SpladeModel

class lightning_ir.models.bi_encoders.splade.SpladeModel(config: SingleVectorBiEncoderConfig, *args, **kwargs)[source]

Bases: SingleVectorBiEncoderModel

Sparse lexical SPLADE model. See SpladeConfig for configuration options.

__init__(config: SingleVectorBiEncoderConfig, *args, **kwargs) → None[source]

Initializes a SPLADE model given a SpladeConfig.

Parameters:: config (SingleVectorBiEncoderConfig) – Configuration for the SPLADE model.

Methods

`__init__`(config, args, *kwargs)	Initializes a SPLADE model given a `SpladeConfig`.
`encode`(encoding, input_type)	Encodes a batched tokenized text sequences and returns the embeddings and scoring mask.
`from_pretrained`(model_name_or_path, *args, ...)	Loads a pretrained model and handles mapping the MLM head weights to the projection head weights.

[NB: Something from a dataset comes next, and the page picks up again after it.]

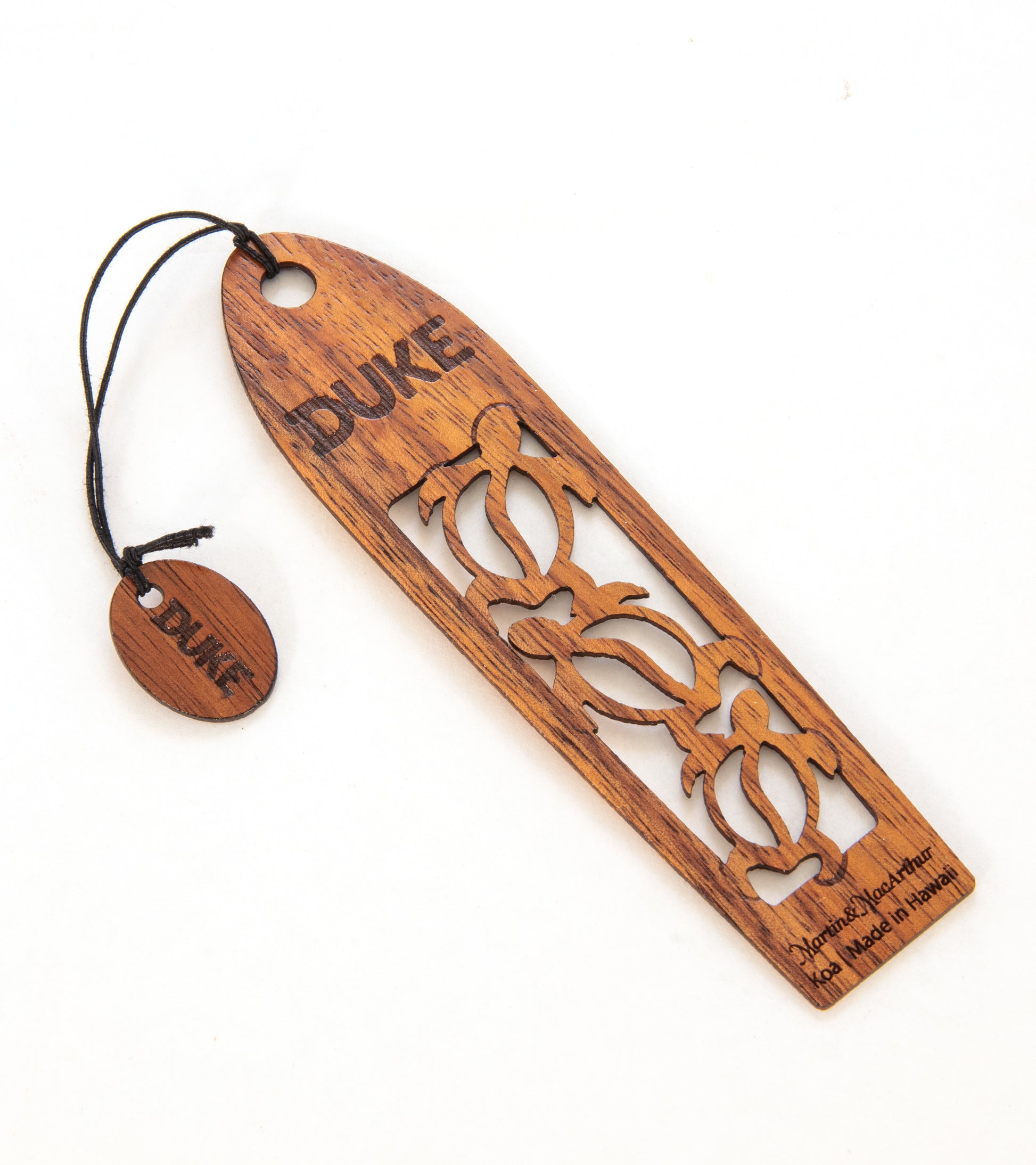 ハワイのマーティン&マッカーサー社の職人が、デューク・カハナモク(1890~1968年)の肖像をレーザー彫刻したコア材のブックマークを製作しています。ハワイ島のプランテーションで伐採されたコア材を厳選し、自社で保管しています。

Wraps
`get_output_embeddings`()	Returns the output embeddings of the model for tieing the input and output embeddings.
`set_output_embeddings`(new_embeddings)	Sets the model's output embedding, defaulting to setting new_embeddings to lm_head.

Attributes

training

config_class

Configuration class for a SPLADE model.

alias of SpladeConfig

encode(encoding: BatchEncoding, input_type: 'query' | 'doc') → BiEncoderEmbedding[source]

Encodes a batched tokenized text sequences and returns the embeddings and scoring mask.

Parameters:

encoding (BatchEncoding) – Tokenizer encodings for the text sequence.
input_type (Literal["query", "doc"]) – Type of input, either “query” or “doc”.

Returns:

Embeddings and scoring mask.

Return type:

BiEncoderEmbedding

classmethod from_pretrained(model_name_or_path: str | Path, *args, **kwargs) → Self[source]

Loads a pretrained model and handles mapping the MLM head weights to the projection head weights. Wraps: the transformers.PreTrainedModel.from_pretrained method to return a derived LightningIRModel. See LightningIRModelClassFactory for more details.

>>> # Loading using model class and backbone checkpoint
>>> type(CrossEncoderModel.from_pretrained("bert-base-uncased"))
<class 'lightning_ir.base.class_factory.CrossEncoderBertModel'>
>>> # Loading using base class and backbone checkpoint
>>> type(LightningIRModel.from_pretrained("bert-base-uncased", config=CrossEncoderConfig()))
<class 'lightning_ir.base.class_factory.CrossEncoderBertModel'>
Args:
model_name_or_path (str | Path): Name or path of the pretrained model.

Returns:
Self: A derived LightningIRModel consisting of a backbone model and a LightningIRModel mixin.

Raises:
ValueError: If called on the abstract class SpladeModel and no config is passed.

get_output_embeddings() → Module | None[source]

Returns the output embeddings of the model for tieing the input and output embeddings. Returns None if no MLM head is used for projection.

Returns:: Output embeddings of the model.
Return type:: torch.nn.Module | None

set_output_embeddings(new_embeddings: Module) → None[source]: Sets the model’s output embedding, defaulting to setting new_embeddings to lm_head.